Некоторое время я стоял, ослеплённый, и ждал, пока мои глаза после яркости дня привыкнут к мягкому свету свечей и приглушённому спектру витражного стекла. Наконец, показались смутные фигуры, и я шагнул внутрь. У скамей стояли на коленях три пожилые дамы, у ряда свечей склонился старик, и посередине северного нефа лицом к стене стояла сутулая серая фигура. На самом деле я не ожидал встретить среди них своего отца. В дальнем конце под круглым окном за аналоем стоял священник в чёрной рясе, который переворачивал страницу. Я сделал ещё шаг вперёд. Не было никакого смысла спрашивать, не прячется ли отец в трансепте, но всё равно, что-то меня привлекло. Возможно, просто прохлада. Снаружи становилось чертовски жарко. Наверное, за время, проведённое в Норсхейме, я отвык от лета Красной Марки, поскольку даже на миг избавиться от палящего света оказалось благословенным облегчением.
Я пошёл по северному нефу, и только тогда понял, что сутулый человек стоял перед камнем моей матери – на диске было написано её имя и родословная, а за ним, в толще стен, лежали её останки. И, как я помнил, и о чём, вероятно, больше никто не знал – останки моей нерождённой сестры.
– Принц Ялан? – Мужчина посмотрел на меня.

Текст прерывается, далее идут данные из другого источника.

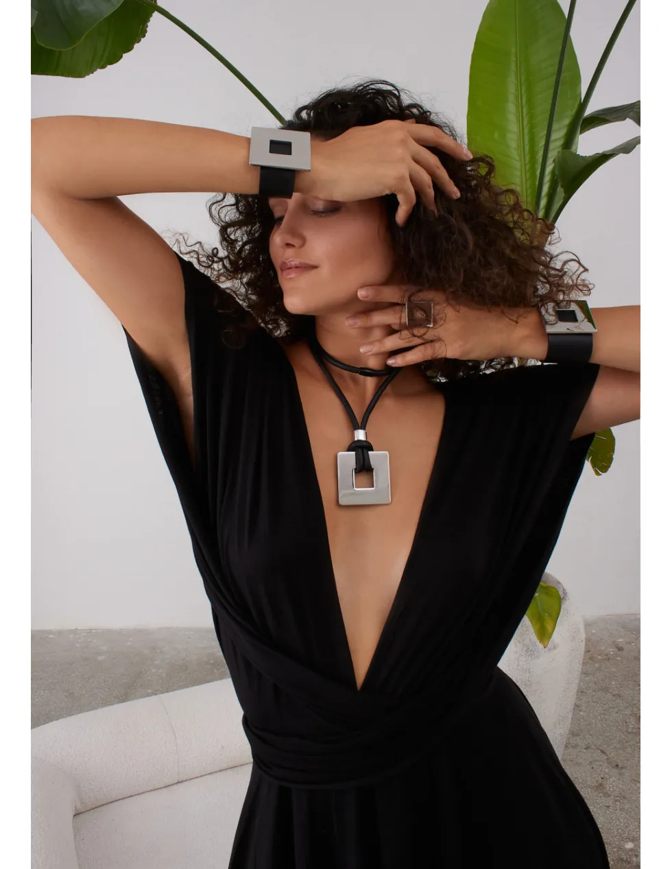 Nowoczesny, prosty i ponadczasowy naszyjnik z miękkiej, ręcznie szytej skóry oraz stali szlachetnej.

Он был седым и рано постаревшим, с морщинами от боли на лице. Он захромал в мою сторону – его правая нога была искалечена. Почему-то я скомпенсировал его приближение шагом назад.
– Роббин? – Слуга моего отца, хотя сначала, во мраке, я засомневался. Его голова купалась в зелёном свете, который лился через змея на высоком окне, где святой Георгий сражался с драконом. Сейчас я не обращал внимания на его сутулость и на старческие волосы, заглядывая на полтора десятилетия в прошлое. – Роббин? – И снова на миг я никак не мог его разглядеть – от проклятого ладана в церквях глаза режет. Я зажмурился от слёз и увидел Роббина, каким он был пятнадцать лет назад, когда сражался с Эдрисом Дином, встав между убийцей, мной и матерью. Искалечившую его рану он получил, служа мне. Я прижал пальцы к глазам, чтобы их протереть, думая, сколько раз за все эти годы я насмехался или проклинал его за медлительность, когда он хромал по поручениям моего отца.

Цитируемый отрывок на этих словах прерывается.